Directions: With the pictures omitted, transcribe each line below exactly as it is.

Data block:
╭──
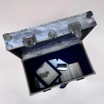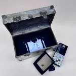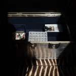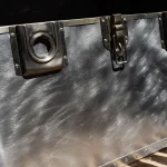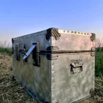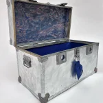 In order to maintain lightness, a fundamental requirement for a travel trunk,I chose to make it with 4 millimetre birch panels, a wood that is easy to work with and very robust, externally plated with 0.5 mm thick aluminium foil. On the outside, I wanted to maintain the aesthetics of the trunk-box, so I salvaged the hinges, lock and profiles from the old family trunk.
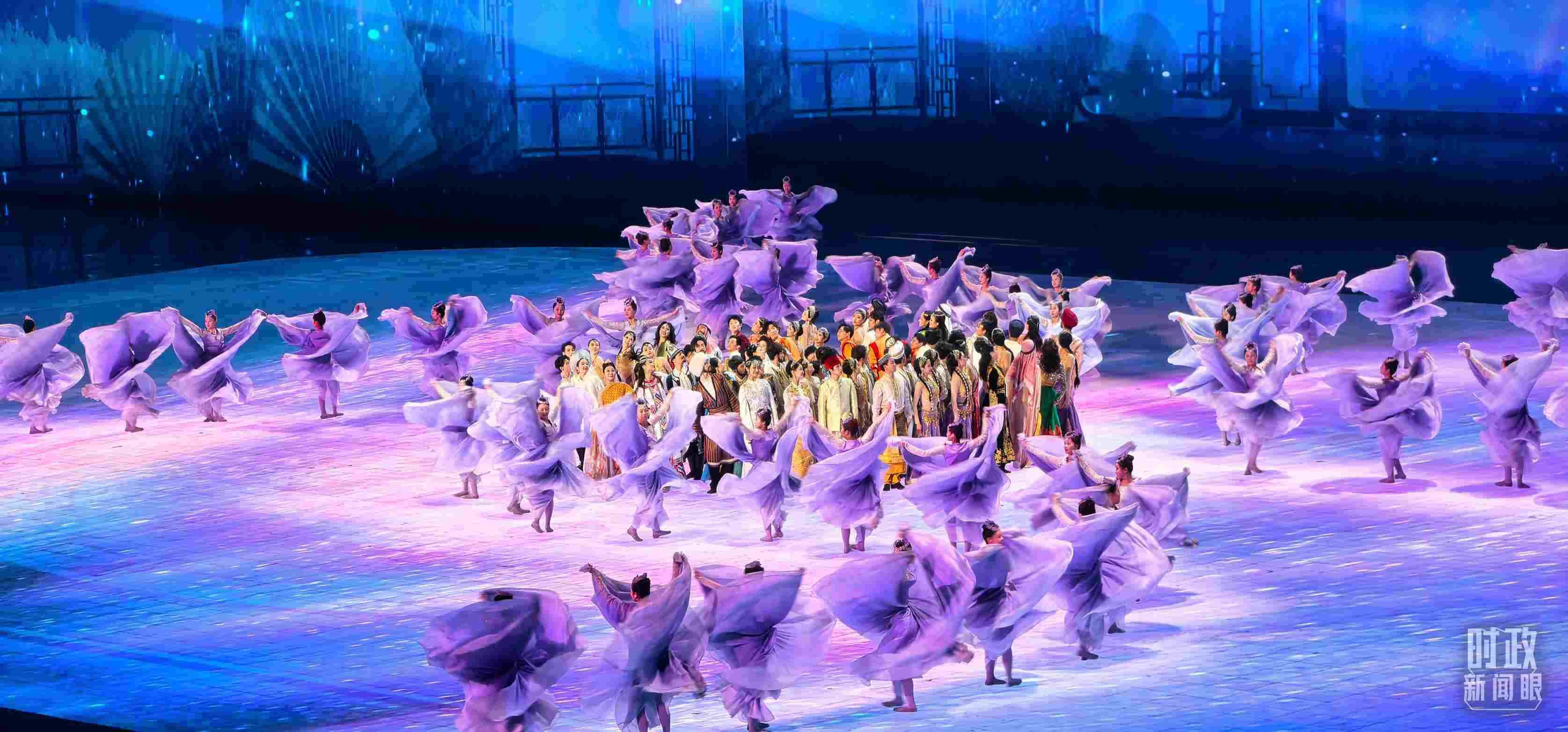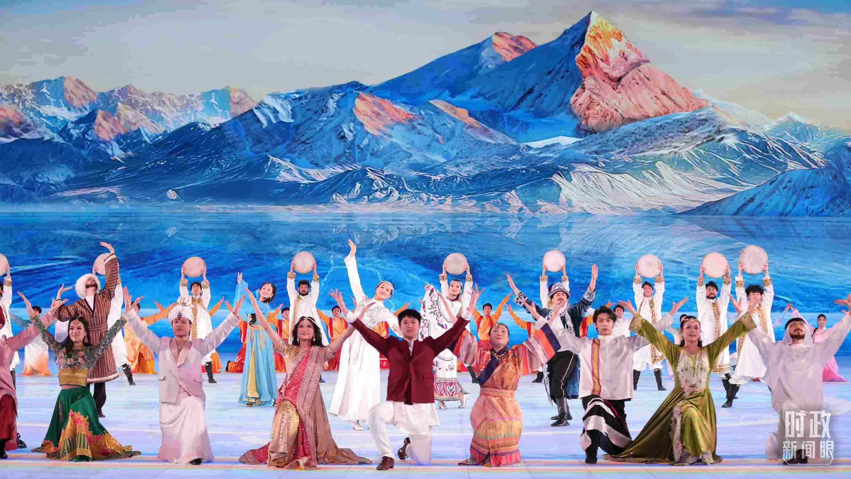 文藝表演分為上篇《熾熱冰雪》、中篇《燃情時(shí)速》、下篇《山高水長(zhǎng)》,通過《長(zhǎng)歌頌冰河》《榮光耀未來》《馳騁天地間》《璀璨嘉年華》《攜手情久長(zhǎng)》《萬里共和鳴》等節(jié)目,展現(xiàn)化“極寒”為“極美”“極燃”“極暖”的意蘊(yùn)。
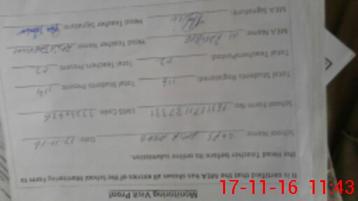 | Monitoring Date: 17-11-2016 | Start Time: 17-11-2016 11:00 AM | End Time: 17-11-2016 11:45 AM | Name of MEA: A-**** MO**** RA**** BU**** (R**** | |
╰──
Reply to the task:
 In order to maintain lightness, a fundamental requirement for a travel trunk,I chose to make it with 4 millimetre birch panels, a wood that is easy to work with and very robust, externally plated with 0.5 mm thick aluminium foil. On the outside, I wanted to maintain the aesthetics of the trunk-box, so I salvaged the hinges, lock and profiles from the old family trunk.
 文藝表演分為上篇《熾熱冰雪》、中篇《燃情時(shí)速》、下篇《山高水長(zhǎng)》,通過《長(zhǎng)歌頌冰河》《榮光耀未來》《馳騁天地間》《璀璨嘉年華》《攜手情久長(zhǎng)》《萬里共和鳴》等節(jié)目,展現(xiàn)化“極寒”為“極美”“極燃”“極暖”的意蘊(yùn)。
 | Monitoring Date: 17-11-2016 | Start Time: 17-11-2016 11:00 AM | End Time: 17-11-2016 11:45 AM | Name of MEA: A-**** MO**** RA**** BU**** (R**** | |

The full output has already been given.